Evolution is sometimes revolution, not in the sense of anarchy, but in the completion of a circle, the way the earth revolves around the sun or how it spins about its axis. Here, it has to do with learning, with coming full circle to that place we recognize because we have been there once before, only this time, round, we are different because of what we have learned on the excursion. Synonyms for evolve are progress, develop, advance, and grow.

I choose this word, evolve, over transform, or transformation, which connotes a more sudden and radical alteration, a metamorphosis, the caterpillar and the butterfly, an emerging from the chrysalis moment.

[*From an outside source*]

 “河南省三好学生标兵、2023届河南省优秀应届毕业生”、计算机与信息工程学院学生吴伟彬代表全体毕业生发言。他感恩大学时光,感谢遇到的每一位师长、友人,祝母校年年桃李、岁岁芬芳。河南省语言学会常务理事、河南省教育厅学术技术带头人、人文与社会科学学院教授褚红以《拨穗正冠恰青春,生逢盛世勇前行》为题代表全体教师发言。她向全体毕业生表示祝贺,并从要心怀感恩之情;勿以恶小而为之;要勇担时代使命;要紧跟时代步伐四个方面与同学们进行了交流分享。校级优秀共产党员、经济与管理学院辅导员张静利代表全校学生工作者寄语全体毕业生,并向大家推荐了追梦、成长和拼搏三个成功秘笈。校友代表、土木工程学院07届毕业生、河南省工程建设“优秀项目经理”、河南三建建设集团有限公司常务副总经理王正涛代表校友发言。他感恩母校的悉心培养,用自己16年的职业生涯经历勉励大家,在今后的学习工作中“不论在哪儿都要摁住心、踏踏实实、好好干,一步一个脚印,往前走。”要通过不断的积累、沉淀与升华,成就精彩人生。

Either would do for what I am trying to explain here, but as I look back over my life, it seems there have been many more evolutions than transformations which in my case usually meant a more liberal application of cosmetics, a dressier dress, new hair, and a rather predictable return to my untransformed self at midnight.


Wow, lady. You are OLD.

I am looking back from a perspective of a seventh decade. As these words move onto my computer screen, I am stunned. Wow, lady. You are OLD. But truthfully, that is the fun of this blog, a relished opportunity to step out of life’s slipstream, and reflect on the journey, on the evolutions that have landed me here. Being OLD brings opportunity.

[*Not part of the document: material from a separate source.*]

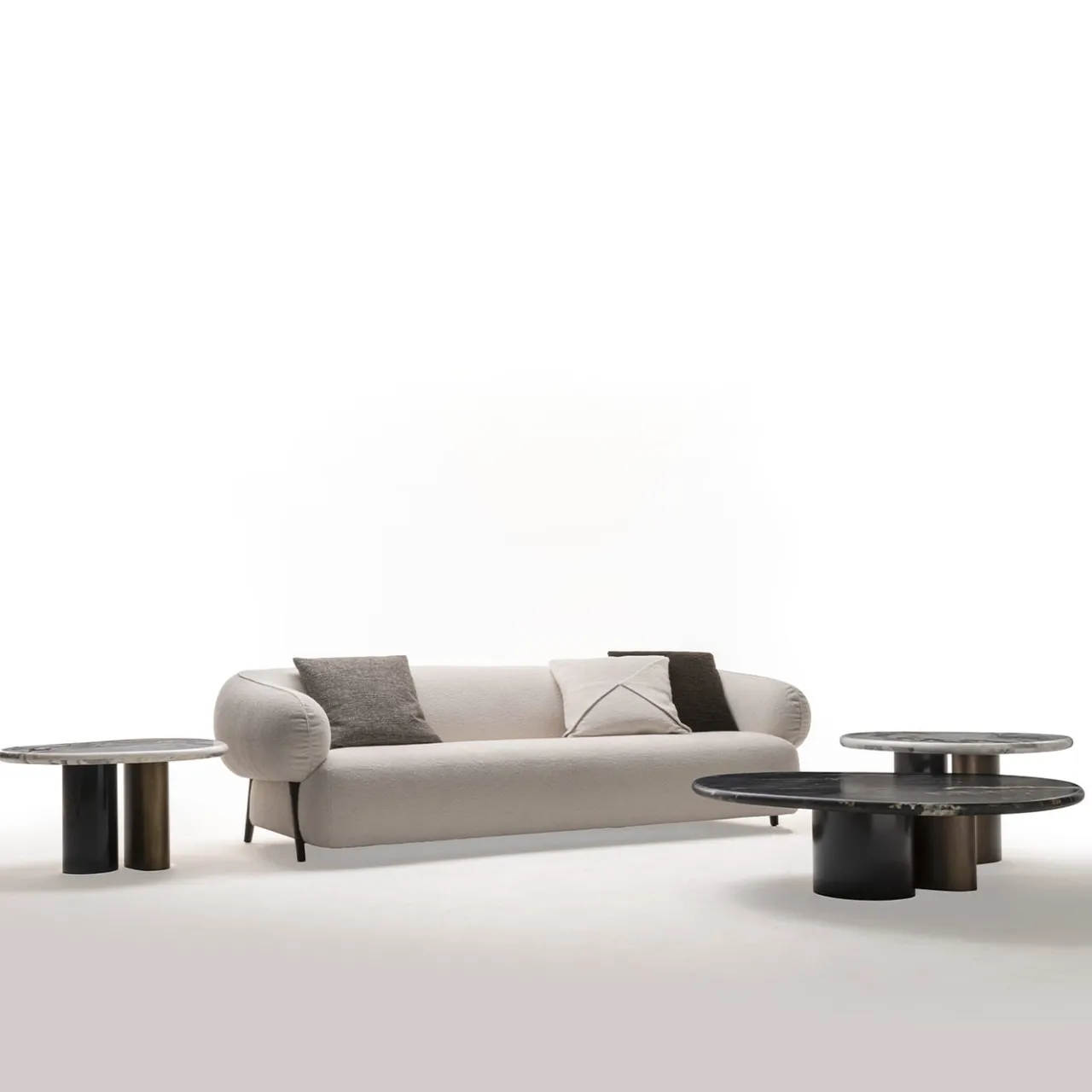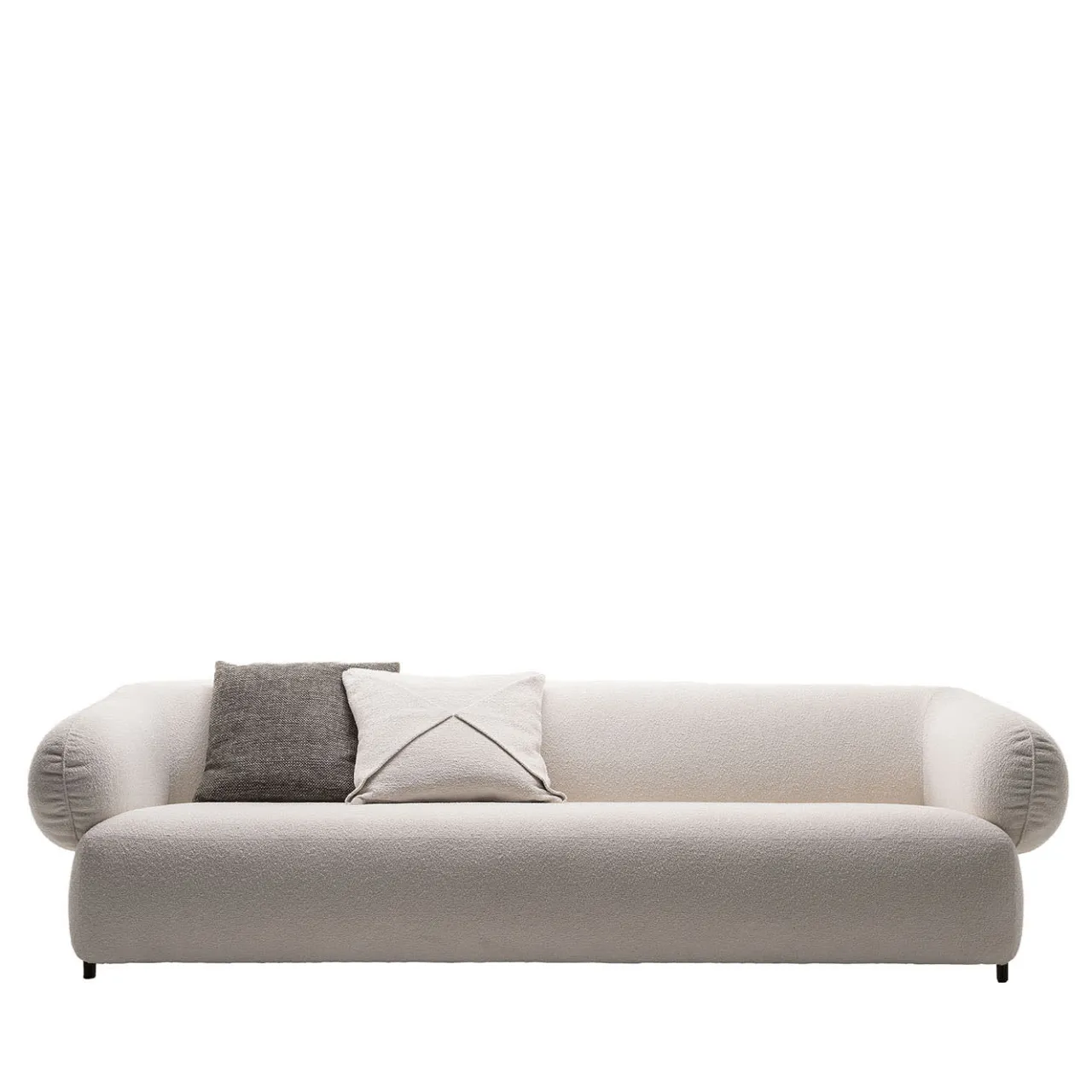 Tanto audace quanto minimalista, questo divano a tre posti promette momenti di impeccabile comfort speso contro i suoi volumi gonfi e avvolgenti. La ricca imbottitura – che caratterizza sia la seduta che lo schienale con braccioli leggermente inclinati – è sigillata da un sofisticato rivestimento in tessuto boucle bianco. I piedi affusolati in frassino tinto grigio completano il design aggiungendo un pizzico di profondità cromatica.

We are not insentient, but thinking, learning participants in life. This innate compulsion to learn is what propels my writing.

I ask you to return to the late 80s. I was deep into my practice of Obstetrics and Gynecology but unhappy and discontent, not unlike that good old cow who kept eying the neighbor’s greener pasture. I was looking around for something else to do when I had the idea of becoming a family therapist. This led me to Virginia Satir, an internationally renowned family therapist so insightful and daring she literally worked miracles. I heard she was coming to Tucson and signed up for her workshop.

I watched enthralled as she took a family of four frozen in dysfunctional communication and over a three hour period, warmed them until they thawed, and taught them how to be genuine and honest with each other. There were tears, hugs, and great relief as these people were able to be who they were and find acceptance. It was a powerful demonstration.

Virginia Satir who was nearing 70, as I am, and was six feet tall, as I am not, shared her wisdom. One of the things she said resonated profoundly with what I believed. She said, “There is always hope your life can change because you can always learn new things.” Depressed, sad, frustrated, I was looking for change.

I was not a good family therapist. There was probably too much surgeon in me by then. If there is a problem, identify it and cut it out. Be done with it. Therapy is a timeline, perhaps of years. I was seeing a couple when, talking to each individually, I learned both had been praying one of them would die to end the marriage. “Why are you still married?” I asked the first time I saw them together.

A week later, they had filed for divorce. Chalk one up for Dr. Allen.

Implied in Virginia Satir’s statement, is the ability to make a difference for yourself. Sometimes it may mean rethinking something, often those old messages about self-worth we carry with us from childhood. It means self-talk, self-encouragement and above all, believing you are worth whatever effort it takes to change.

I celebrate that kind of evolution that is chosen, directed and accomplished. Too often we fail to look back at where we have been and acknowledge the distance we have traveled. I have hiked the Grand Canyon, down the South Kaibab Trail, and the next day, up the Bright Angel Trail. Since I weighed over 200 pounds, you must realize I didn’t set any time records but I had prepared by exercising and hiking shorter distances at home. It was a huge effort with breath-taking rewards. Once of them was standing at the top of the Bright Angel Trail and looking back. True, there were switch backs and steep, interminable climbs, but there was also the magnificence of the canyon, and I had been there. And in a grand gesture of heavenly magnanimity, I was given a rainbow.